2021 Book List

If you are reading this, I want to reiterate my thanks for your support this past year. While I consider myself an independent consultant, none of us do this alone. I truly enjoy the work I do, and I consider it an amazing privilege to have the ability to choose the people with whom I work. Gratitude is crucial to my personal and professional well being. You make me feel grateful.

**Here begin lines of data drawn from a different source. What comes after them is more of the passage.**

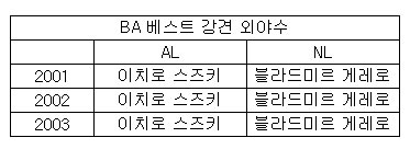 2000년대 초반 AL은 매리너스의 이치로가, NL은 당시 몬트리올 엑스포스 소속의 게레로가 감독들이 선정하는 BA 베스트 툴의 최고 강견 외야수를 독점했었습니다. 메이저리그 최고 강견 외야수는 AL은 이치로가 NL은 게레로가 양분하고 있는 구도였습니다.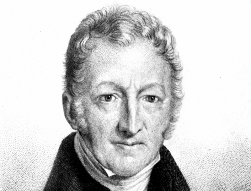 Как раз в это время возникают теории перенаселения. Известный британский мыслитель Томас Мальтус стал автором описания так называемой мальтузианской катастрофы. «Мальтузианская катастрофа» — это неконтролируемое увеличение роста населения до предела, когда земля уже не кормит и не может держать такое количество людей. Мальтус, будучи современником действительно взрывного роста рождаемости, связанного с британской индустриализацией, подсчитал, что, если такими темпами пойдет дело и дальше, то население будет увеличиваться, пока не начнет есть друг друга.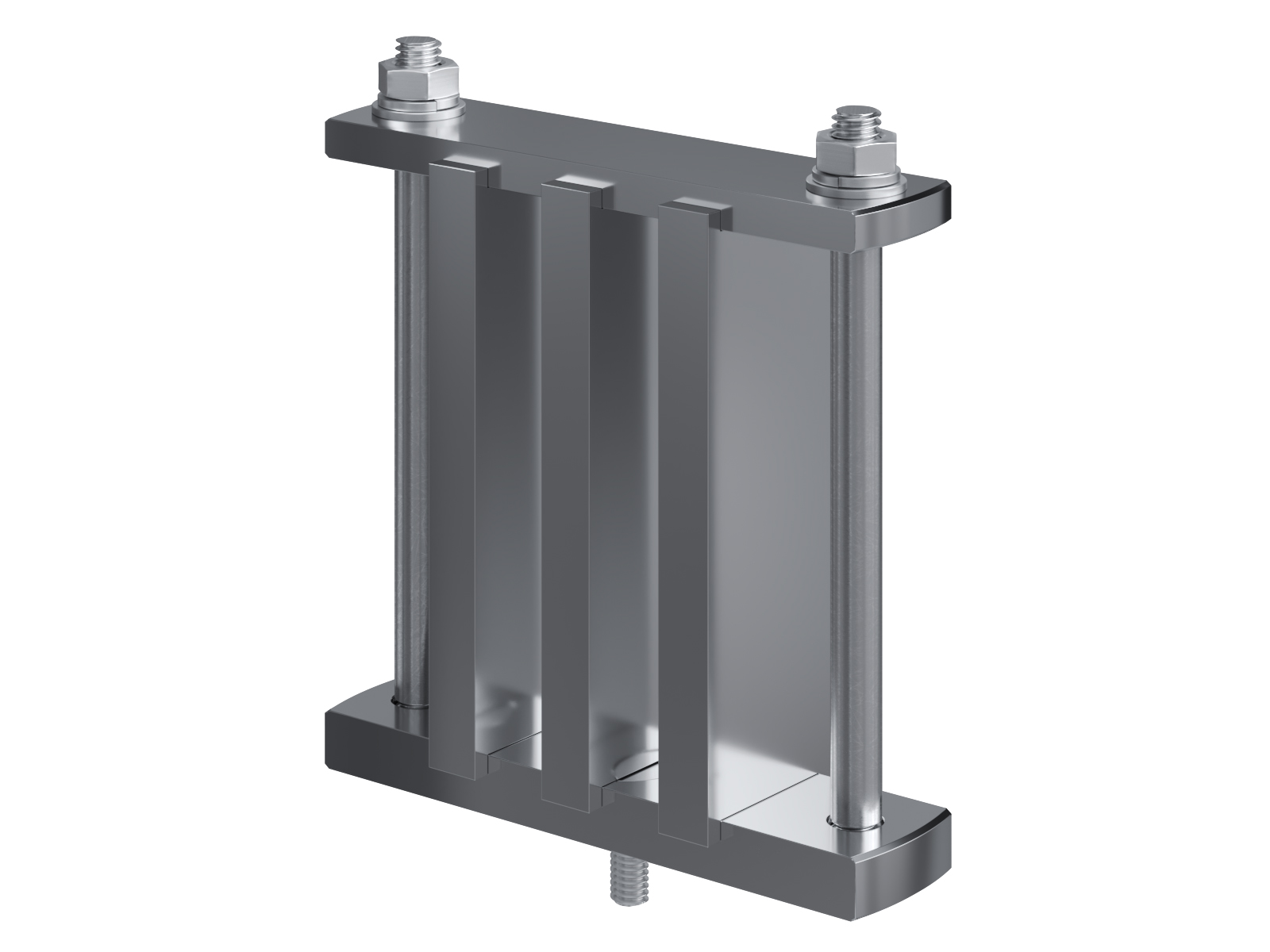 Schienenträger aus vernickeltem Messing zur Befestigung und Sicherung von Stromschienen aus Kupfer

For the second year in a row, I made a goal to read one book every month. No business books or marketing texts allowed. Items that made the cut include hearty fiction, finely crafted collections of short stories and essays, and a couple biographies. A little synopsis of each is included below in case you need some ideas for your own 2022 reading list. If you have any book recommendations for me, please let me know.

JANUARY
Charles Yu. Interior Chinatown
The first book on my 2021 reading list was easily my favorite and one that I will definitely read again. The story follows the development of a man who lives in Chinatown, a place that endures an odd existence as a lively neighborhood located in America that is not quite accepted as American. At first the main character seeks to attain a certain role, a comfortable place in the world partially defined by race, economic status and societal norms. Over time he discovers his attempts to reach a uniquely defined personal pinnacle confine him. While it brings “success,” the role he seeks to play also carries emotional adversity and leaves him spiritually destitute. Within Interior Chinatown, Charles Yu reveals that the pursuit of a dream is folly when ambition’s payoff lacks true meaning. Happiness is invisible, and fulfillment is void of any status symbol.

FEBRUARY
Clint Hill. Five Presidents
The secret service remains a faceless, stoic unit that is forbidden a momentary lapse in focus. Outside of a well-written memoir, there is little recognition or aplomb. Their reward is survival and escape from omnipresent and unanticipated threats. Five Presidents follows the career of Clint Hill, a secret service agent who served during five administrations from Eisenhower through Ford. The clarity of Hill’s writing is likely the result of his unrelenting focus on his role. His time served protecting five famously popular characters marked occasions in which each president routinely let his guard down. These moments unveil patches of humanity in each man that took form in a light-hearted joke, a quick-trigger temper, a conniving spirit or a sense of being utterly overwhelmed by the job. Beyond a more intimate look at each of the five presidents protected by Hill, this book highlights the terribly difficult task faced by the secret service, especially in key moments when hunger for admiration and political prestige would win over recognition of a potential threat.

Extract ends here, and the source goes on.